__Exercise requirements__. What follows is a listing to transcribe exactly, leaving the pictures out.

__Information provided__.

════════════════

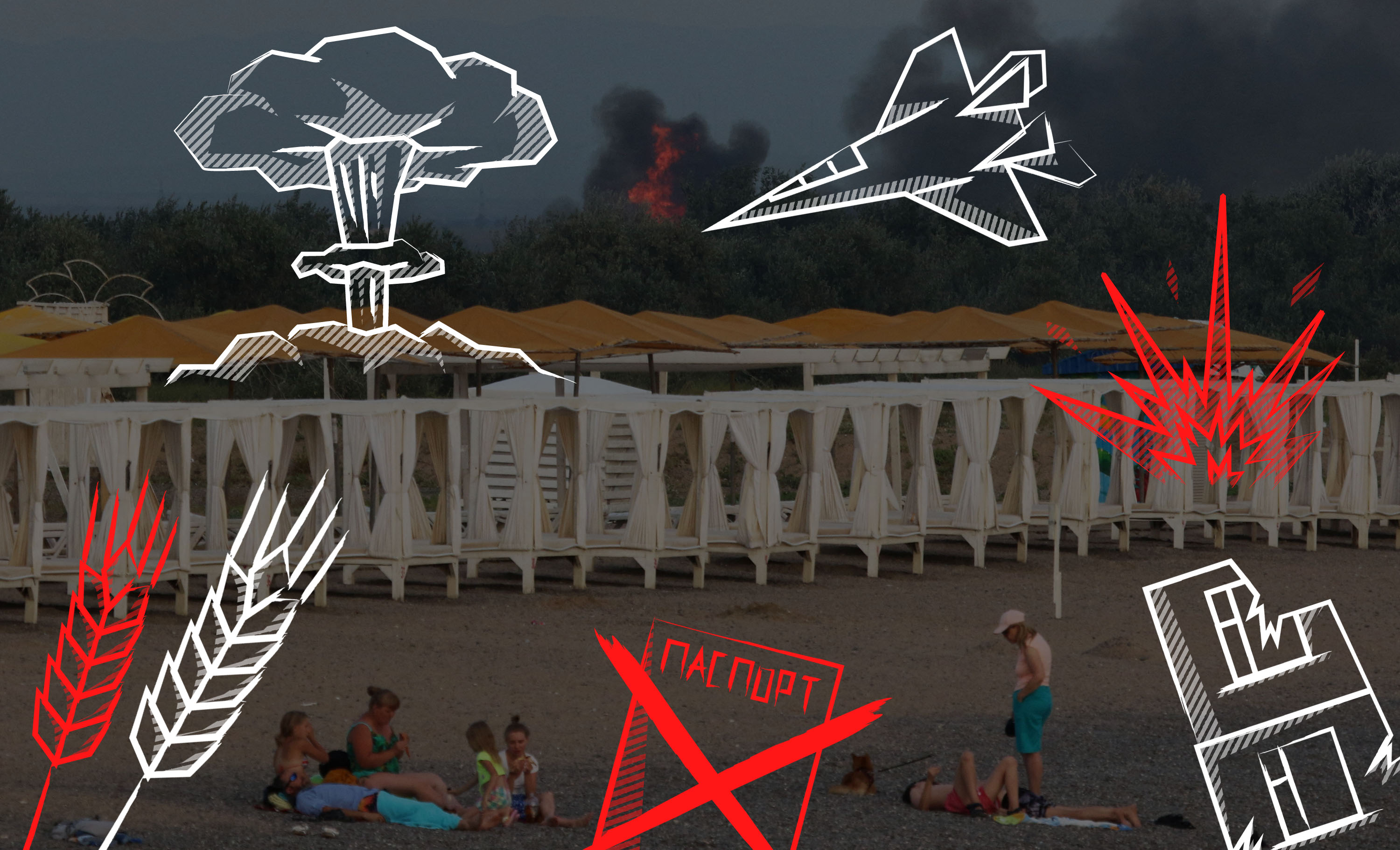 В Крыму произошла серия мощных взрывов, Владимир Зеленский призвал Европу закрыть границы для всех россиян, а Украина приостановила транзит российской нефти в Венгрию, Чехию и Словакию. Власти Калининградской области говорят, что лимиты на перевозку нефти, древесины и удобрений в регион через Литву исчерпаны, восстановлением разрушенного Мариуполя займутся компании, связанные с российскими чиновниками и силовиками. «Медиазона» выбрала главное из всего, что происходило за день на войне и в связи с войной.
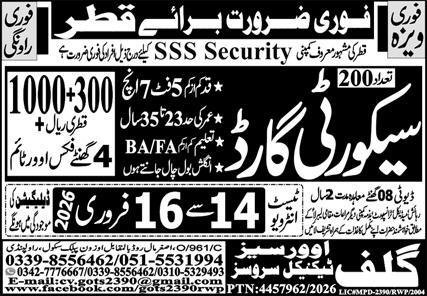 Security Guards Jobs Open In Qatar 2026 announce the Contract career opportunities for the post of See Below Ad in Qatar for the fresh and experienced candidates on Contract basis who have Check Advertisement degree. Posted date of this post is 13/02/2026 and the last date is 16/02/2026. if you are eligible for this job apply before due date.
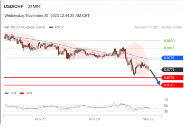 【XM交易平台】2023年11月29日亚盘交易建议:黄金、白银、欧元、英镑、日元、瑞郎交易点位技术分析及预测
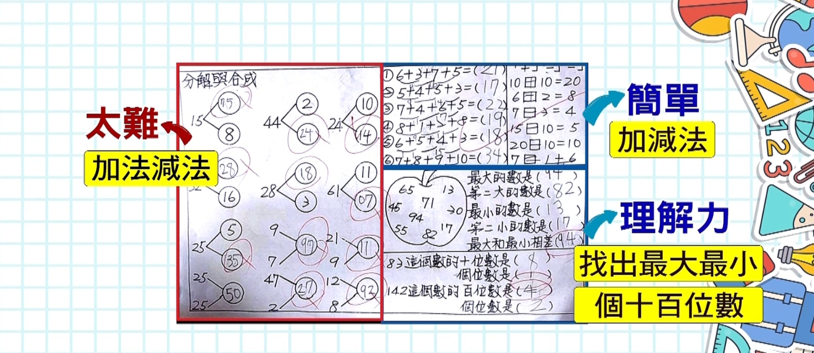 家長向議員投訴,明明才幼兒園大班,但數學考卷卻太難,才讓他邊寫邊哭,看看這張考卷,右半部考的是加減法,找出最大最小數,理解力沒問題就很簡單,不過左半部,題目叫分解與合成,一個數字畫出兩條線,男童慌了看不懂,最後只答對2題 。

════════════════

__Exercise response__.
 В Крыму произошла серия мощных взрывов, Владимир Зеленский призвал Европу закрыть границы для всех россиян, а Украина приостановила транзит российской нефти в Венгрию, Чехию и Словакию. Власти Калининградской области говорят, что лимиты на перевозку нефти, древесины и удобрений в регион через Литву исчерпаны, восстановлением разрушенного Мариуполя займутся компании, связанные с российскими чиновниками и силовиками. «Медиазона» выбрала главное из всего, что происходило за день на войне и в связи с войной.
 Security Guards Jobs Open In Qatar 2026 announce the Contract career opportunities for the post of See Below Ad in Qatar for the fresh and experienced candidates on Contract basis who have Check Advertisement degree. Posted date of this post is 13/02/2026 and the last date is 16/02/2026. if you are eligible for this job apply before due date.
 【XM交易平台】2023年11月29日亚盘交易建议:黄金、白银、欧元、英镑、日元、瑞郎交易点位技术分析及预测
 家長向議員投訴,明明才幼兒園大班,但數學考卷卻太難,才讓他邊寫邊哭,看看這張考卷,右半部考的是加減法,找出最大最小數,理解力沒問題就很簡單,不過左半部,題目叫分解與合成,一個數字畫出兩條線,男童慌了看不懂,最後只答對2題 。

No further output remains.